> [INSTRUCTIONS FOR THE TASK] What you return should be the full listing, word for word, without a single image.
PROVIDED MATERIAL: Begin
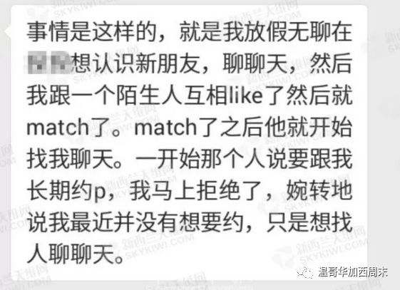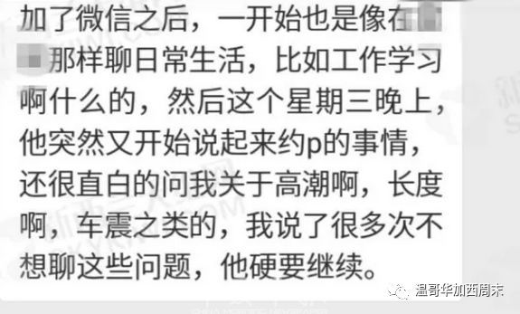 然后,就有好多温哥华的男生加她,跟她聊天,大部分人都是想约炮的。
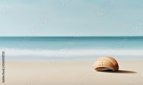 Obraz premium A delicate seashell sits peacefully on a sandy beach with the tranquil ocean...
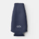 Classic design features personalized 3 letter initial monogram in white classic serif font style on navy blue background.
PROVIDED MATERIAL: End
> [TASK ANSWER]
 然后,就有好多温哥华的男生加她,跟她聊天,大部分人都是想约炮的。
 Obraz premium A delicate seashell sits peacefully on a sandy beach with the tranquil ocean...
 Classic design features personalized 3 letter initial monogram in white classic serif font style on navy blue background.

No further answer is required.